Yesterday was the last day of a sort of carnival here. We had fools, and pantaloons, and straw bulls, &c., and masks walking about the streets—much noise but no great magnificence. I saw poor pantaloon fall in earnest when throwing his sword after a soldier, and he could scarcely get up again.
A general order has just been issued for all the officers to apply for tents for the next campaign. I must do the same, I suppose, and try that sort of life, which in dry weather may be well enough, but bad work if as it was last year, when the little bed-legs sunk in mud up to the mattress, and the blankets got quite muddy!
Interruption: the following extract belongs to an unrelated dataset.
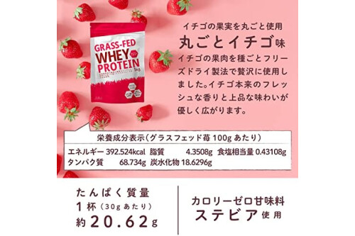 Contents: 33.5 oz (1,000 g); Features: 100% WPC80 whey protein (storage): Comes in a convenient stand zipper bag. Ingredients: Milky protein (Australian), strawberry powder (strawberry, lactose, glucose) / sweetener (stevia), (some of the ingredients include milk)

Head-Quarters, Frenada, March 6th, 1813.—A man arrived here two days ago from Madrid in five days, for payment of a Commissariat bill due to him. He states that the French are in small force at Madrid, and that Joseph was packing up. But I believe this is only because he individually is going away; for I understand that the French are still in force below Madrid, and that the only notion entertained as genuine here as to their troops going homewards is that ten men picked from each squadron and battalion, or as some say from each company, are to be sent home to make good the Imperial Guards. I do not think myself they will withdraw at all now. They keep the country to support themselves till we are ready to move, and then I think they will collect and risk an early action with us, as their difficulty is to keep together long. If they beat us, they will remain as they were, and I think that is all, unless we are quite routed; if we beat them, then they will go behind the Ebro. The conjecture is, as far as I can understand from the probabilities, a late opening of the campaign on account of the Spaniards not being ready, and then an early action when it does begin.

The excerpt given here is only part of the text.